Line 171:80: E501 line too long (88 > 79 characters) Line 174:80: E501 line too long (86 > 79 characters) Line 175:80: E501 line too long (91 > 79 characters)

In the file package/MDAnalysis/auxiliary/__init__.py:

Line 56:80: E501 line too long (91 > 79 characters) Line 57:80: E501 line too long (91 > 79 characters) Line 528:1: E402 module level import not at top of file

Comment last updated at 2022-09-12 10:12:49 UTC

Jul 09 '22 11:07 pep8speaks

Codecov Report

Base: 94.31% // Head: 94.33% // Increases project coverage by +0.02% :tada:

Coverage data is based on head (828b2dc) compared to base (93c0aac).
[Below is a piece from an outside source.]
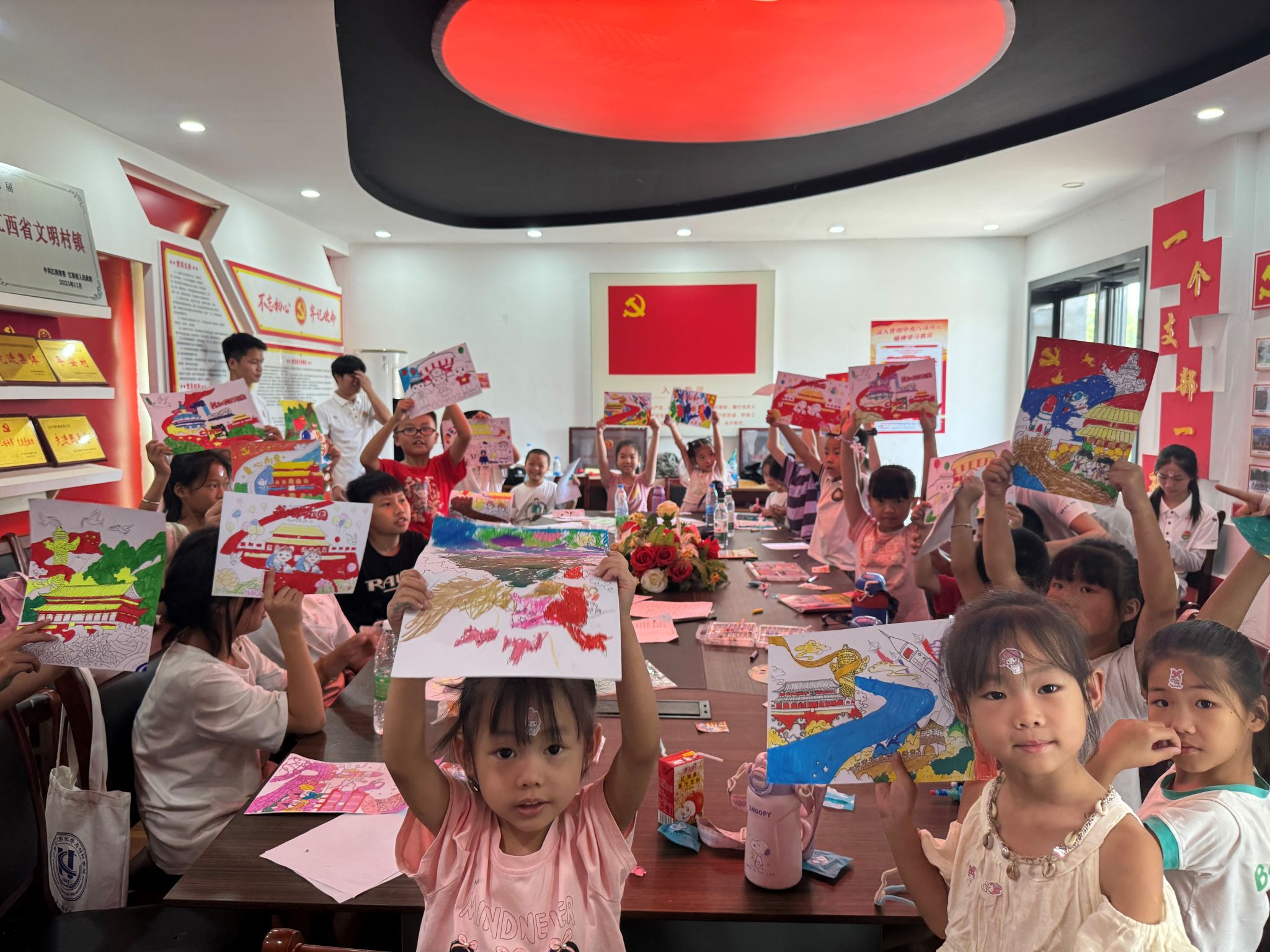 化材院“薪火逐梦”实践团在南昌厚溪村用艺术激活红色记忆。队员们带领小朋友绘制“红色画报”,井冈山的星火、长征路上的草鞋、天安门的红旗……“我画了天安门和放飞的气球,希望祖国越来越强大!”孩子开心地说到。画笔勾勒的不仅是图案,更是历史脉络。“我爱你青松气质,我爱你红梅品格;我爱你家乡的甜蔗,好像乳汁滋润着我的心窝……”团队还组织“红歌传唱”活动,《映山红》《没有共产党就没有新中国》的童声在村庄回荡,红色旋律成为最生动的教材。

Patch coverage: 99.35% of modified lines in pull request are covered.

Additional details and impacted files

@@             Coverage Diff             @@
##           develop    #3749      +/-   ##
===========================================
+ Coverage    94.31%   94.33%   +0.02%     
===========================================
  Files          192      193       +1     
  Lines        24781    24975     +194     
  Branches      3341     3369      +28     
===========================================
+ Hits         23371    23561     +190     
- Misses        1362     1365       +3     
- Partials        48       49       +1

Impacted Files	Coverage Δ
package/MDAnalysis/auxiliary/EDR.py	`98.90% <98.90%> (ø)`
package/MDAnalysis/auxiliary/XVG.py	`95.61% <100.00%> (+0.07%)`	:arrow_up:
package/MDAnalysis/auxiliary/__init__.py	`100.00% <100.00%> (ø)`
package/MDAnalysis/auxiliary/base.py	`94.01% <100.00%> (+2.69%)`	:arrow_up:
package/MDAnalysis/coordinates/base.py	`94.37% <100.00%> (+0.38%)`	:arrow_up:
package/MDAnalysis/units.py	`100.00% <100.00%> (ø)`
package/MDAnalysis/lib/pkdtree.py	`91.91% <0.00%> (-2.59%)`	:arrow_down:
MDAnalysisTests/auxiliary/base.py	`89.74% <0.00%> (-1.58%)`	:arrow_down:
package/MDAnalysis/lib/mdamath.py	`100.00% <0.00%> (ø)`
MDAnalysisTests/auxiliary/__init__.py	`100.00% <0.00%> (ø)`
... and 4 more

Help us with your feedback. Take ten seconds to tell us how you rate us. Have a feature suggestion? Share it here.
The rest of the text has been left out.